Gnathostoma miyazakii

Scientific classification
- Kingdom: Animalia
- Phylum: Nematoda
- Class: Chromadorea
- Order: Rhabditida
- Family: Gnathostomatidae
- Genus: Gnathostoma
- Species: G. miyazakii
- Binomial name: Gnathostoma miyazakii Anderson, 1964

= Gnathostoma miyazakii =

- Genus: Gnathostoma
- Species: miyazakii
- Authority: Anderson, 1964

Species of roundworm

Gnathostoma miyazakii is a nematode that is a parasite of otters in Canada and the United States.

==Description==
Gnathostoma miyazakii is a medium-sized nematode with a narrow body.
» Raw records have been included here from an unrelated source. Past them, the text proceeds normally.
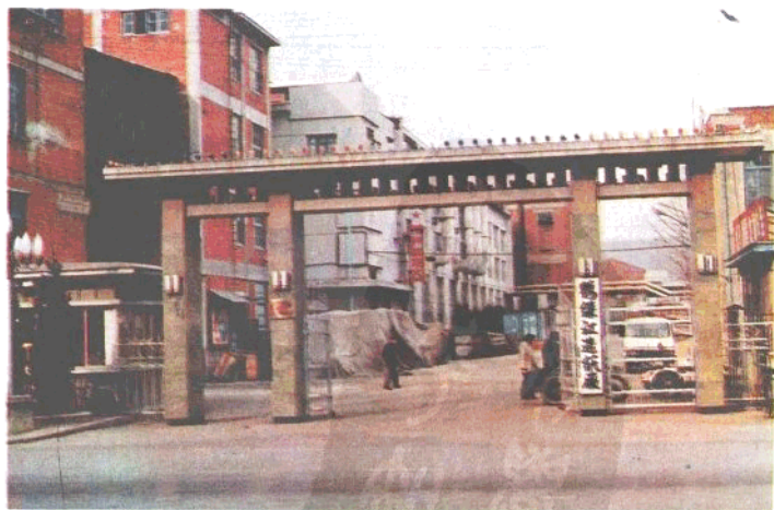
鸭绿江造纸厂厂正门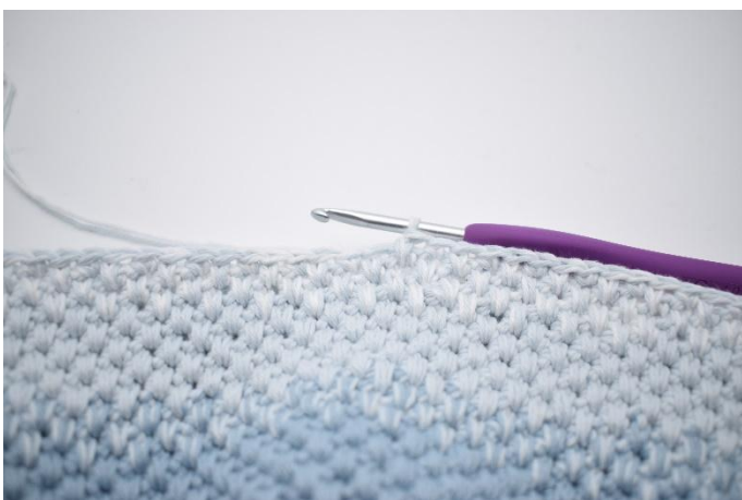
5. Hekle skiftevis fm og lfm i de siste 16 m.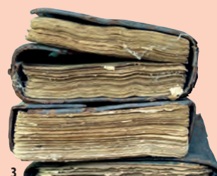
3. Livres en papier à couvertures en cuir, Tombouctou, XIII e – XVII e s. ap. J.-C., 22 x 18 cm.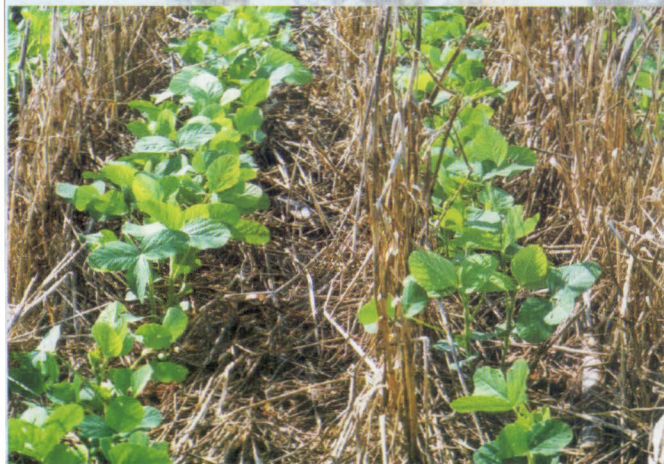
Sistema de plantio direto.

Na região Nordeste, os sistemas de iLPF predominantes são os silvipastoris, que usa principalmente a Gliricidia sepium como leguminosa, representando o componente florestal nas diversas formas de associação, e as braquiárias, como componente herbáceo. O processo inicia-se com o consórcio da leguminosa com culturas de milho e/ou feijão, repetido por 2 a 5 anos, dependendo do sistema, seguido do consórcio pasto/árvores. Em algumas áreas é utilizado o consórcio de soja e eucalipto seguido do sistema silvipastoril após o 3º ano. Nas áreas de cana, a cada 5 anos, cultivam-se leguminosas anuais (feijão de corda), na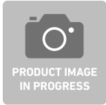
83585224 Inzetstuk voor gereedschapsassortiment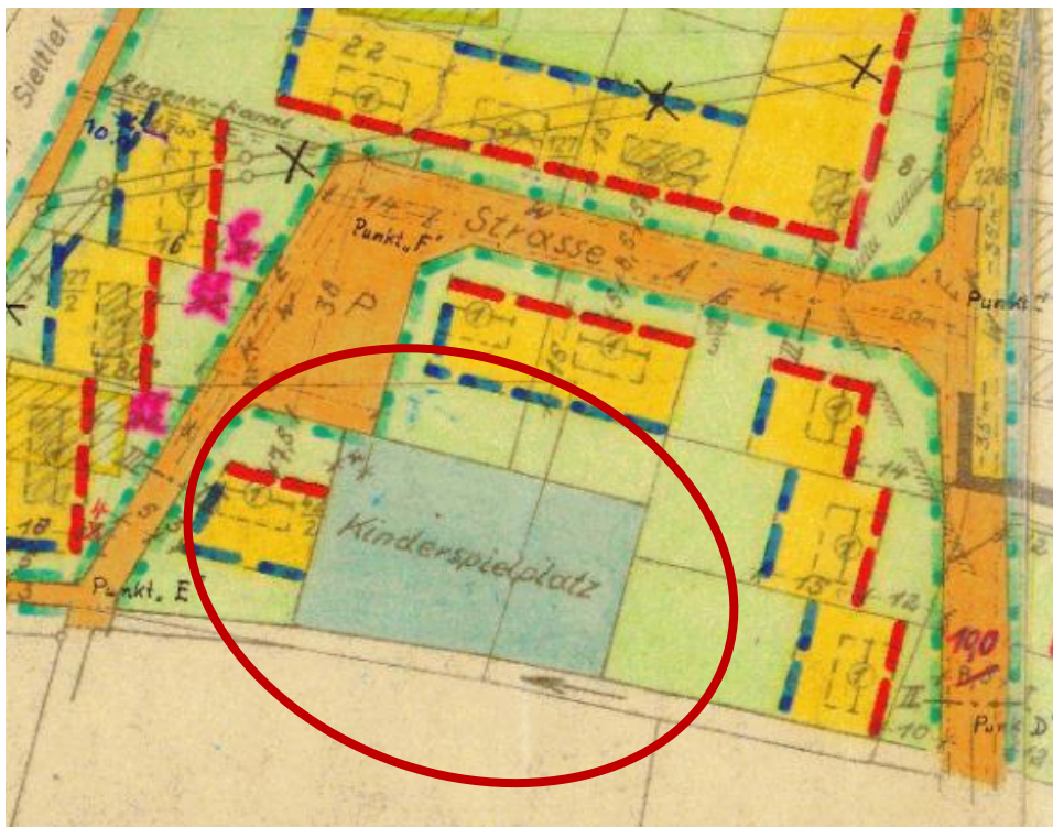
Abbildung 2: Ausschnitt Bebauungsplan Nr. 12 W (1964)

Die Bauflächen innerhalb der angrenzenden Allgemeinen Wohngebietes (WA) weisen städtebauliche Werte mit einer GRZ von 0,4, einer GFZ von 0,4 und einem Vollgeschoss auf. Entlang der Straßenverkehrsfläche wird mittels einer Baulinie ein einheitliches Siedlungsbild vorgegeben; die Bautiefen betragen 15 m und werden von einer Baugrenze abgeschlossen.

It has ten complete and one or two incomplete transverse rows of hooks on the head end, surrounding one pair of protruding unilobed lips. There are two papillae (small bumps) on each lip, with one amphid (small sensory depression) between each pair of papillae. Cervical papillae occur at about one-quarter of the length of the body from the head. The whole body is covered in spines, varying in size and shape depending on sex and region of the body. Spines towards the head end are well defined, while spines towards the tail end are scale-like. Males are about 49 mm long and just over 0.8 mm wide. The spicules (male mating structures) are blunt and unequal, with the left spicule about three-quarters as long as the right. Females are about 39 mm long and just over 0.8 mm wide. The eggs have two polar caps and have many pits on the surface. The type host was the North American river otter (Lutra canadensis), and the type locality was Black trout lake, Township 30, Range 22, Ontario, Canada. It has been reported from Canada and the United States. The typical location of infection in the primary host is the fibrous tissue of the kidneys.

==Life history==
Gnathostoma miyazakii has a multi-host life history, as do all species of Gnathostoma. The eggs hatch in fresh water and the larvae are eaten by copepods. The copepods are in turn eaten by second intermediate hosts (fish and amphibians), which may be consumed in turn by paratenic or transport hosts (reptiles and birds). Eventually, the larvae end up in the kidneys of G. miyazakii, where the larvae develop into adults, and release eggs into the urinary tract. Embryos develop in eggs which reach fresh water.